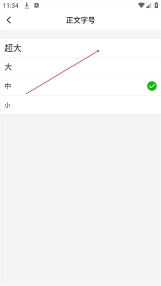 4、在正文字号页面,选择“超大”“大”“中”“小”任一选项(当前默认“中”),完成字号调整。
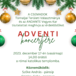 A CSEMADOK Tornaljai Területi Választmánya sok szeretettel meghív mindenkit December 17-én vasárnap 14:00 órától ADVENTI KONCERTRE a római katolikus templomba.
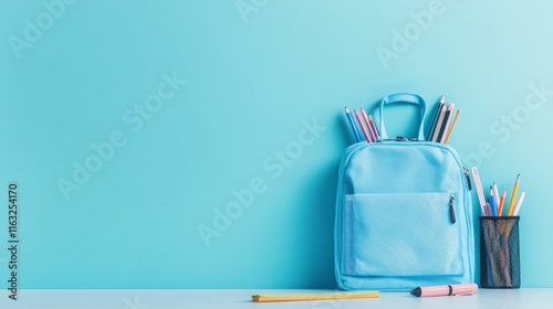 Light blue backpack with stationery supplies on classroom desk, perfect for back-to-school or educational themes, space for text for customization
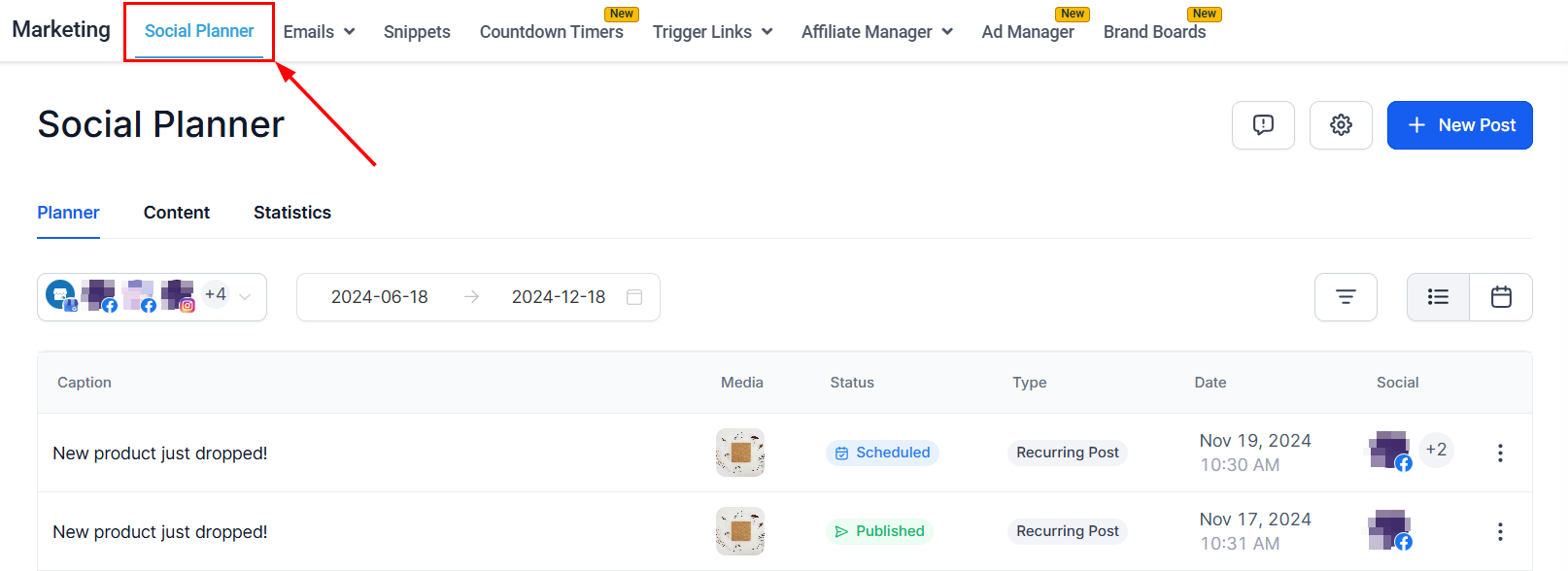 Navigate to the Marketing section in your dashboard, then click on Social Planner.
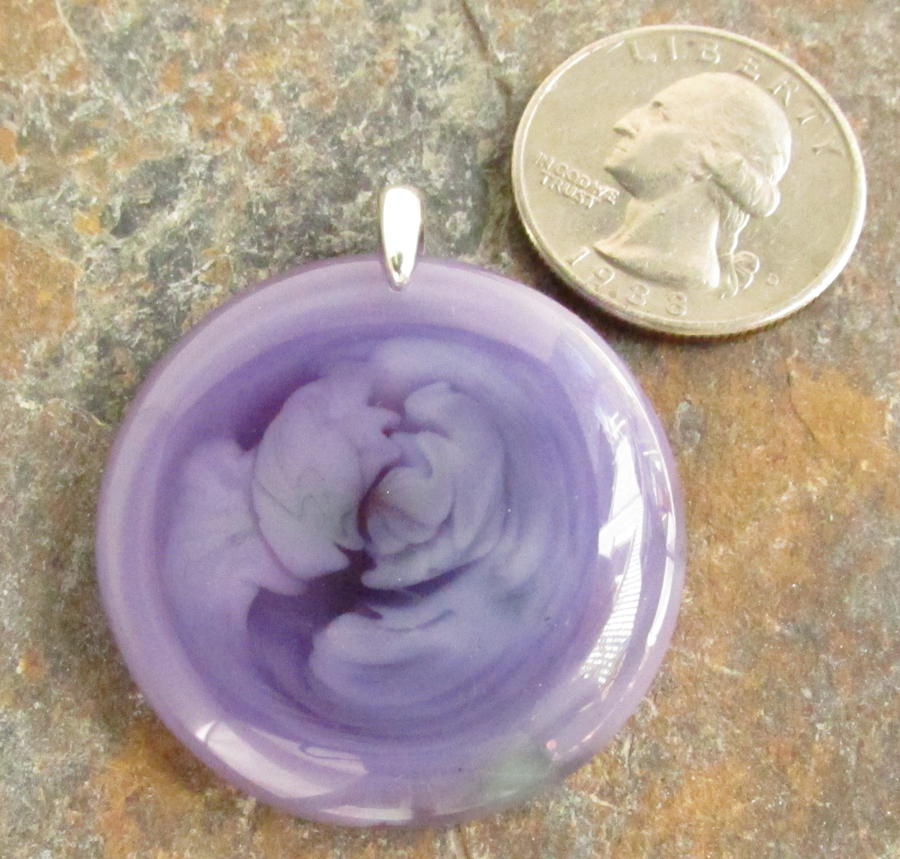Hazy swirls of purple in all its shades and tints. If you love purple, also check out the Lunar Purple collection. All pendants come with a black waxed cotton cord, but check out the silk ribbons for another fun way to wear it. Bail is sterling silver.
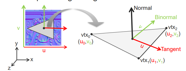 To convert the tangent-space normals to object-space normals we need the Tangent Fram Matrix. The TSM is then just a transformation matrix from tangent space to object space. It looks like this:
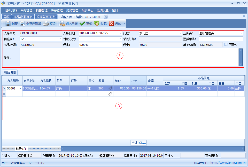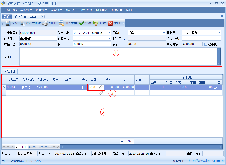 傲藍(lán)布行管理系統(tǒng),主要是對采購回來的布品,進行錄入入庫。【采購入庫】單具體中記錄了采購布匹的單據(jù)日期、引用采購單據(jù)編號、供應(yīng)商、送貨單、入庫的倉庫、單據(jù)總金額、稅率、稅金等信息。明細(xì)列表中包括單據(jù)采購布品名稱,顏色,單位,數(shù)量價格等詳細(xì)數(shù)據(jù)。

* * *

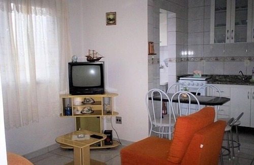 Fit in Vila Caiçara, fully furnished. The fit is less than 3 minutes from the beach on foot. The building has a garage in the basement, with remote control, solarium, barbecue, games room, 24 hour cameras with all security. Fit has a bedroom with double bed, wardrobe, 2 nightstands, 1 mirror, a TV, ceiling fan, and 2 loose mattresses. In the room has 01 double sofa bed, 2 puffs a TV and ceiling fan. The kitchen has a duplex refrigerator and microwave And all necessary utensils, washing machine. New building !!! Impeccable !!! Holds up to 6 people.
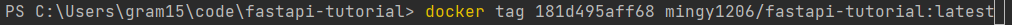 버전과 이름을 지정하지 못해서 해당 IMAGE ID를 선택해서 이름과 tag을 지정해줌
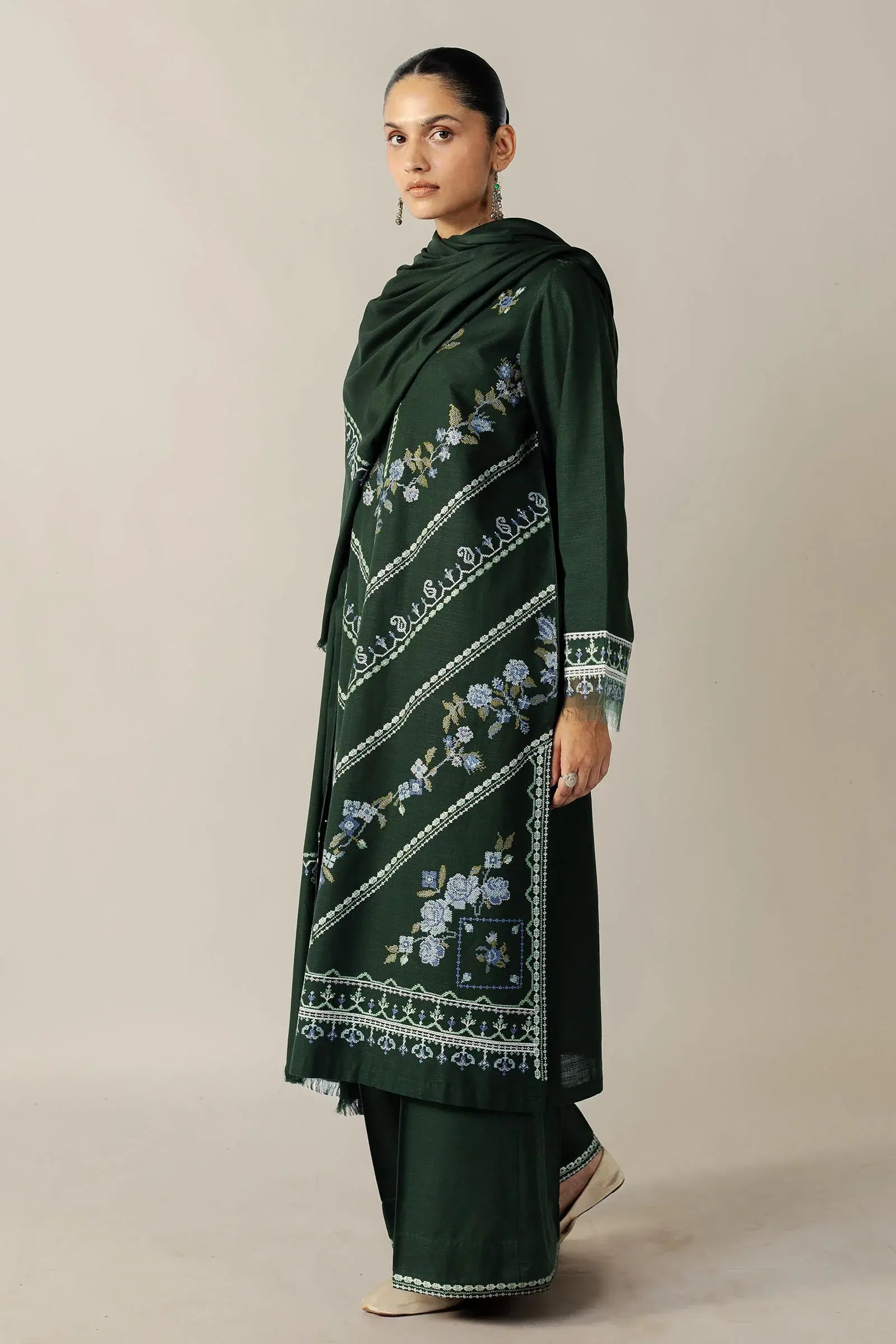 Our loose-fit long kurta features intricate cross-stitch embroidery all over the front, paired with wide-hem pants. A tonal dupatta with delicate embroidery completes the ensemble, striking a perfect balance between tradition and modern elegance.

> What is required: In the listing above, find the line containing "Hazy swirls of" and the line containing "傲藍(lán)布行管理系統(tǒng),主要是對采購回來". Print those two lines and every line between them exactly, with no pictures.

> Result:
Hazy swirls of purple in all its shades and tints. If you love purple, also check out the Lunar Purple collection. All pendants come with a black waxed cotton cord, but check out the silk ribbons for another fun way to wear it. Bail is sterling silver.
 To convert the tangent-space normals to object-space normals we need the Tangent Fram Matrix. The TSM is then just a transformation matrix from tangent space to object space. It looks like this:
 傲藍(lán)布行管理系統(tǒng),主要是對采購回來的布品,進行錄入入庫。【采購入庫】單具體中記錄了采購布匹的單據(jù)日期、引用采購單據(jù)編號、供應(yīng)商、送貨單、入庫的倉庫、單據(jù)總金額、稅率、稅金等信息。明細(xì)列表中包括單據(jù)采購布品名稱,顏色,單位,數(shù)量價格等詳細(xì)數(shù)據(jù)。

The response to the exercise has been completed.